Real-time deepfake detection
Use the streaming API for real-time results
Behavioral Signals Streaming API also supports streaming real-time audio for Deepfake Detection.
For integrating with your application you can either use the low-level gRPC
API with your language of choice (Java, Go, NodeJS), or use the Python SDK.

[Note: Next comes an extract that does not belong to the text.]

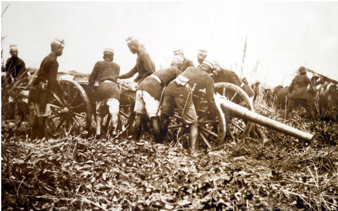
Askaris moving a field gun into position

http://www.nam.ac.uk/microsites/ww1/videos/empire-commonwealth-east-africa/#.WDgRbWd76H8

ℹ️ Description of streaming
With streaming deepfake detection you can send chunks of audio to the API and retrieve results in real-time. Some example use cases include:
- Streaming live calls, for example in call centers
- Agentic AI applications where the user's voice is processed live
In the configuration you can switch between segment and utterance level results.
- In segment level the results are streamed from the server at fixed intervals - every 2 seconds. This is ideal if you want to have short time windows. However keep in mind that the shorter the analysis window is, the less accurate the results may be.
- In utterance level, the results are streamed from the server at the end of each utterance. This has the advantage that the whole utterance is analyzed in order to make the final decision, resulting in more accurate predictions.
Notes
- The API detects voice activity first, before analyzing results. This means that if the streamed audio contains silence or non-speech, the API won't stream back any results for these chunks.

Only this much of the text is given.